Will it be moral to continue working for a cigarette company knowing the sickenesses that smoking creates?

No I don't think it would be moral- and yet it would also seem immoral to me, as someone with a good job, to morally condemn someone who was working for a tobacco company because it was the only decent job that he could find to take care of his family. So I would go for degrees of culpability, but yes I would have to say that being part of a business that killed millions would not exactly be a righteous line of work.

How does a philosopher become popular? Why do we teach the writings of some philosophers, but not others if all philosophers work from a common history, or work within a common tradition or set of ideas that include logic? Is there a social construction to philosophical ideas?

Plato, Aristotle, Kant, and a few others aside, the stocks of philosophers does seem to go up and down. In the late forties and fifties, for example, Kierkegaard was quite popular. Then analytic philosophy developed a strangle hold and he was dubbed to be too obscure. Then in the late eighties, with the emergence of deconstructionism/ postmoderninsm, analytic philosophy ceased to dominate and Kierkegaard was back in the club. There is a social dimension - a kind of market force at work. I direct a research Library on Kierkegaard and we have many international scholars come to the Library and their take on Kierkegaard, what they find important, differs according to the their political and economic situation. As you hint, difficulty is also a factor. I can't teach Husserl in my Existentialism class because it would just go over everyone's head. Thanks.

Are double standards always wrong? Even though I am a female, I have always had more (and closer) male friends than female. For example, one of my best friends is male, and we talk on the phone/computer about once a week, not counting intermittent texts throughout the week. However, I would be extremely uncomfortable if my boyfriend (of six years, perhaps irrelevant) had the same type of relationship with a female.

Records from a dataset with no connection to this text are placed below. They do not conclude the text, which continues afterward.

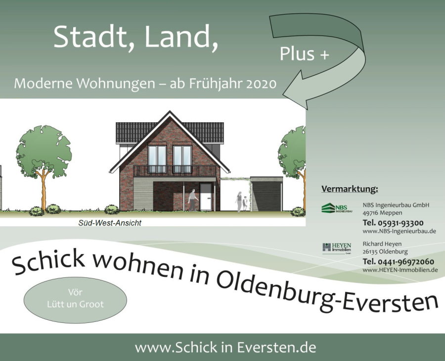 - behagliche Eigentumswohnungen am Rande des Neubaugebiets "Eversten-West-D"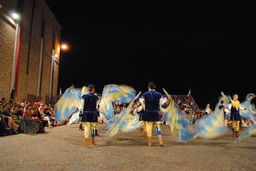 TORTORETO (TE) – Si è svolta il 12 e il 16 agosto la XIII edizione della rievocazione storica medievale : “Il Palio del Barone” che ha visto la presenza di oltre 2000 persone tra turisti e residenti e si è conclusa con il suggestivo incendio della Torre di Tortoreto.L’evento è ideato e organizzato dall’Associazione locale “Due Torri”. Dopo un digiuno di quattro anni, la contrada Terranova che, ha per emblema il Corvo con i colori bianco-verde, ha conquistato il “drappo” della vittoria disegnato quest’anno dall’artista di Ascoli Piceno, Giuseppe Alesiani. L’altro rione storico, quello di Terravecchia che, ha come simbolo la Tortora con i colori bianco-azzurro, rimane sempre in testa nella classifica generale con 7 drappi su 6, entrambe le squadre si sono sfidate in una vasta gamma di giochi medievali al fine di conquistare l’ambito premio. La serata è iniziata con il corteggio storico degli oltre 400 figuranti con alla testa il Barone Roberto di Turturitus interpretato da Gabriele Barcaroli, accompagnato dagli armigeri, che lungo la strada incontrava i titolari dei vari esercenti commerciali con cui, in segno di buon auspicio, faceva il brindisi. Poi la Baronessa, interpretata da Lidia Ciccarelli, insieme alle sue ancelle, ai giullari di corte e alle damigelle. A seguire c’erano le folte delegazioni ospiti con la partecipazione dei gruppi storici di Castel di Luco, della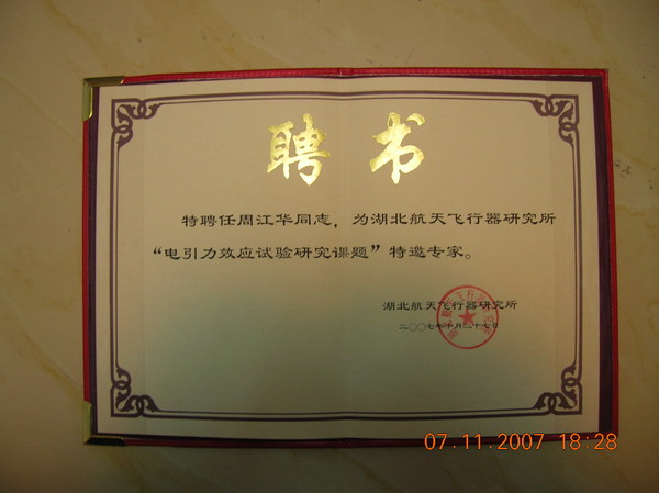 | 2005年吉林科学技术出版社出版了周江华的专著《21世纪物理学研究新视野》。2007年科技日报大篇幅的进行了连载报道《21世纪物理学研究新视野》书概要,报道引起了当时任三江航天集团党委书记刘石泉的关注(现任中国航天科工集团副总经理),并给周江华颁发了聘书,2010年周江华对放电飞行器飞碟的深入研究引起了中央电视台的关注,并在央视报道播出 ,周江华飞碟研究成型是在2013年,现在周江华正在对大功率放电飞行器进行研究,向放电飞行器实际应用推进,现在他正寻求有识之士的电容方面研究专长人才、科研单位、财团、天使投资的合作研发!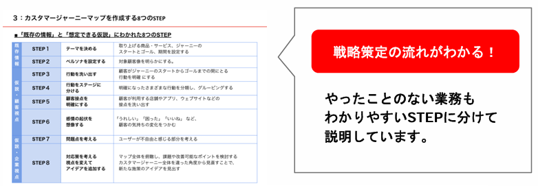 単なる開発ではなく、顧客体験を起点としたUX設計・マーケティング設計に重きを置き、目標到達に直結するWEB戦略を立案。課題抽出→アイデア発想→設計→プロトタイピング→開発→リリース→改善のループを高速で実現し、顧客との長期的なパートナー関係を構築します。秘伝書(ナレッジ集)により誰でも戦略立案を実行できる仕組みも提供し、クライアント社内の学習促進と意思決定スピード向上を支援。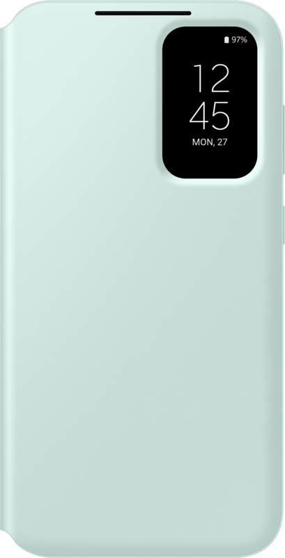 De Samsung Galaxy S23 FE Clear View Book Case Groen beschermt zowel de achterkant als het scherm van je smartphone. Je doet je toestel dus met een gerust hart in dezelfde tas of zak als je sleutels. Dit hoesje heeft een doorzichtige strip in de voorflap. Je ziet de tijd, je meldingen en de status van je batterij, zonder dat je het hoesje openklapt. In de voorflap die het scherm bedekt, is ook ruimte voor een pasje of wat contant geld. Klap de flap om en je hebt een standaard. Daarmee zet je je Samsung S23 FE in landschapsmodus neer wanneer je een filmpje kijkt. Deze book case heeft uitsparingen voor onder andere de aansluitingen en knoppen van jouw S23 FE. Hierdoor kun je jouw oplader gemakkelijk aansluiten of het geluid van je toestel regelen.

He does not have any close friendships with women, both prior to and during our relationship, whereas prior to our relationship I have had many close friendships with men. Is it morally wrong for me to expect something from him that I do not apply to myself? For example, I would not like it if he called another woman on the phone, "just to talk." In response to the question of whether he is comfortable with my friendships with men, most of them are his friends as well, and he does not indicate any problem with my friendship with them. But as already said, I don't have many close...

If we think of justice as, in part, equal treatment, then yes it does seem unfair. Why couldn't you work at being less threatened. Sometimes doing the right or fair thing means bumping up against and dealing with feelings that we don't like; feelings of the sort that you are describing. Also, might be good to try and develop some same sex friends but that has nothing to do with your normamtive question. Thanks.